Глава 6-я

Ольгерт Айнкопф
Поминки справляем в заранее снятой для этого мероприятия столовой Стройбытмеханизации. В наши дни каждая забегаловка стремится называться рестораном. Не избежало подобного веяния времени и местное предприятие общественного питания, которое я умышленно по старинке всё же называю столовой. И не потому, что пища или обслуживание в ней не соответствуют высоким (я, впрочем, осторожно предпочёл бы заключить это слово в кавычки: «высоким») стандартам современных ресторанов. Напротив, как радушное внимание работников данной столовой, так и качество с отменным вкусом их блюд далеко превосходят пресловутые безликие нормативы. Услуги этого деревенского оазиса кулинарии заключаются не в каких-то сомнительных стандартах, а простых и насущных вещах: здоровой пище, вкусно приготовленной и с душою преподнесённой. Да и самОе слово – столовая – как-то органичнее и мягче ложится на язык, а заодно и на сердце; от него исходят тепло и уют.

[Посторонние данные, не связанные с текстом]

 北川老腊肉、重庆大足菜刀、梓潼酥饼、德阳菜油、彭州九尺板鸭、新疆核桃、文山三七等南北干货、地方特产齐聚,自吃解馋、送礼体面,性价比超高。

Три стола сдвинуты вместе, чтобы уместить всех нас, родственников, и один стол накрыт для наших мужичков-землекопов. Те, ясное дело, и без того уже хорошие, но ведут себя тихо и уважительно. Я думаю, что когда видишь людское горе настолько часто, как эти работники ломика и лопаты, то дисциплина поведения – или правильнее сказать, дисциплина души – приходит к тебе наиболее верным и естественным путём.
Поминаем практически молча. Земля пухом, особенно такая, как сегодня – что ещё можно сказать?.. Но хмель и благодать хорошо-отапливаемого помещения начинают потихоньку развязывать, размораживать языки участников застолья.

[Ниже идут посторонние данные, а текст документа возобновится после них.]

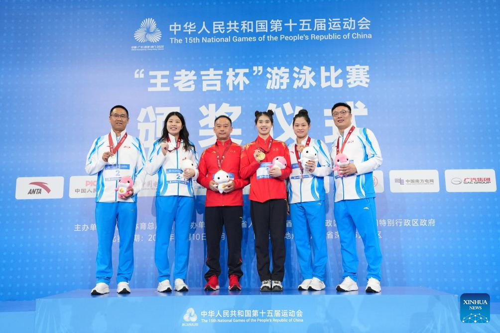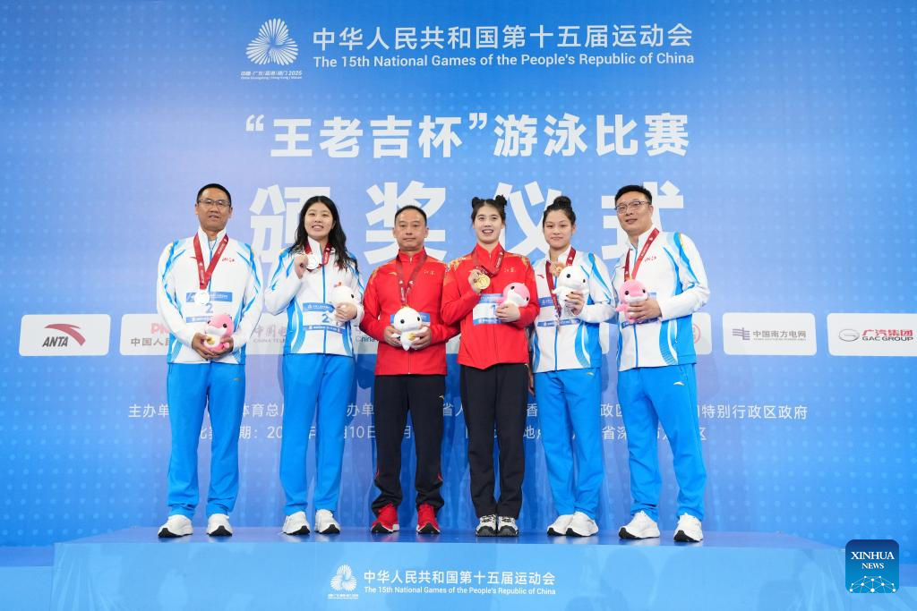 Gold medalist Zhang Yufei of Jiangsu, silver medalist Wu Qingfeng of Zhejiang and bronze medalist Yu Yiting of Zhejiang pose with their coaches during the awarding ceremony for the women's 50m butterfly of swimming at China's 15th National Games in Shenzhen, south China's Guangdong Province, Nov. 16, 2025. (Xinhua/Tenzin Nyida)

— Оно, конешна, жаль, племяшик, што не в одной с отцом оградке-т мамка твоя: закрыли стАро кладбишше дак, вОна как, – рассуждает дядь-Вадик, возложив свою тяжёлую ладонь на моё плечо, – А и тойть правда, гля, на новом-то на кладбишше нАшеных тож, ого, хватАт: вперворядь сестрица еёная, хозяюшка моя дорогА Алён-Паллна, царство ей небесно. Любили ж они друга дружку-то, сестрицы, ноо! ей-богу как любили-т... Потом, эт, Михайлов сын старшОй – помнишь чё его, нет, Эдька? Ага, два года-йть ужо буйт весной, как он приставилси: сердцем маялси дак. Да, Она, сват мой, отец Витькин – тож там. Твоёй мамке-т довелось его знавать, хоть и недолго. В опчим, не дОлжно ей быть тАмо одинокой-т, не переживай! Нас-ыть тута, считай, полдерёвни – не однЕм, дак другим боком рОдные. Мы ж и сами-т, гля, не в соседней облысти, чай, проживам: придём инораз, травку-т выщипам, веночки поправим-да.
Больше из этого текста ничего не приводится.